2- Vitamin deficiency: After a week, mild vitamin deficiencies usually begin especially the water-soluble vitamins (vit B and C). After several weeks, severe deficiencies can occur which add to the debility leading to death.

3- Gradual weight loss: The individual loses about 1 Kg/day for the first 10 days, then, 0.3 Kg /day afterwards. Body organs also decrease in size; the liver, the kidneys, the heart, and the gastrointestinal tract, except for the brain, which is spared.

4- The decreased activity of both endocrine and exocrine glands

5- Decreased basal metabolic rate and body temperature.

6- Depressed cardiovascular functions: bradycardia, decreased cardiac output, lowered arterial blood pressure, and postural hypotension.

7- Depressed mental functions and increased sleeping hours. Psychological disturbances appear in the form of personality changes and the person becomes self-centered.

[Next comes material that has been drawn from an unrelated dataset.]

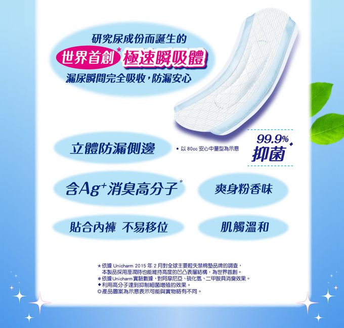 材質:表面-PO聚烯烴不織布、吸收材-高分子吸收體、棉狀紙漿、吸水紙

8- Hunger pains occur but disappear after 2-3 days. Atrophy of the intestine and decreased digestive secretions lead to diarrhea.

9- Blood changes: Blood glucose concentration is kept at the fasting level by gluconeogenesis. Anemia, hypoproteinemia (causes edema), ketosis, starvation lipaemia (due to fat mobilization) and decreased alkali reserve (used to buffer the ketoacids).

10- Urinary changes as Ketonuria.

11- Edema mainly due to due to hypoproteinemia

12- Death usually occurs about 60 days from the start of starvation. The terminal event is intractable diarrhea.